▶ [THE DATA]:
---*---

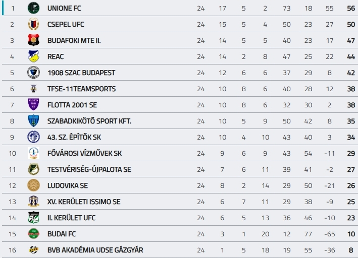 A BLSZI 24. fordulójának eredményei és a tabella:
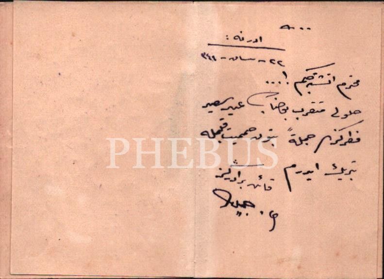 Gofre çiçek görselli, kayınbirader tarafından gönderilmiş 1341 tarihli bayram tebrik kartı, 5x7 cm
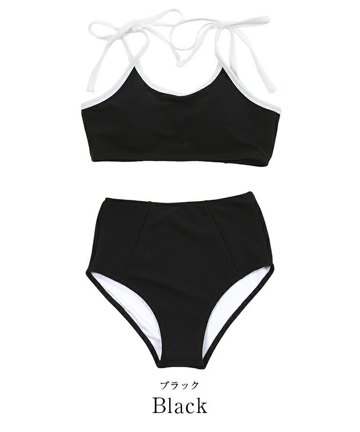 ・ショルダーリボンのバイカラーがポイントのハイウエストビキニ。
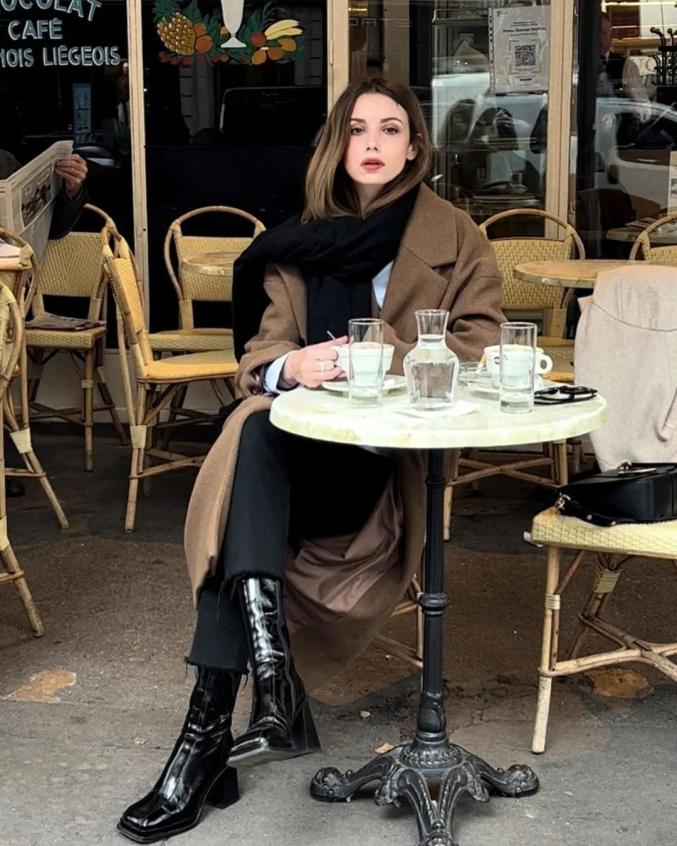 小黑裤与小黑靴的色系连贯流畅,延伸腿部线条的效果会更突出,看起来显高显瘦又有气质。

---*---

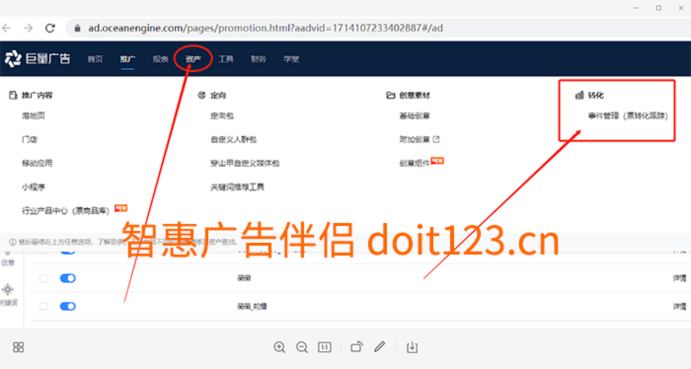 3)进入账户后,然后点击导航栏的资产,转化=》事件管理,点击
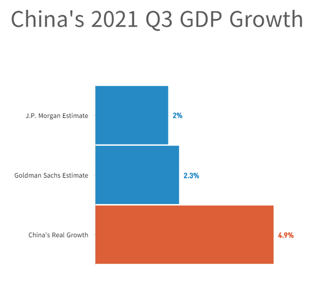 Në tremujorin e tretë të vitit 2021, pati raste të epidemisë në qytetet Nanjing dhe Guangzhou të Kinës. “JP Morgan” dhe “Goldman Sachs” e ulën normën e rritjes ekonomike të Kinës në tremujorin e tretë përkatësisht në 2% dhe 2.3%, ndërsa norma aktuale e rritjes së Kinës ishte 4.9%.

---*---

▶ [INSTRUCTIONS FOR THE TASK]: Leaving out all pictures, set down exactly the lines of the material above, from the line with "3)进入账户后,然后点击导航栏的资产,转化=》事件管理,点击" to the line with "Në tremujorin e tretë të" inclusive, and no others.

▶ [RESULT OF THE EXERCISE]:
 3)进入账户后,然后点击导航栏的资产,转化=》事件管理,点击
 Në tremujorin e tretë të vitit 2021, pati raste të epidemisë në qytetet Nanjing dhe Guangzhou të Kinës. “JP Morgan” dhe “Goldman Sachs” e ulën normën e rritjes ekonomike të Kinës në tremujorin e tretë përkatësisht në 2% dhe 2.3%, ndërsa norma aktuale e rritjes së Kinës ishte 4.9%.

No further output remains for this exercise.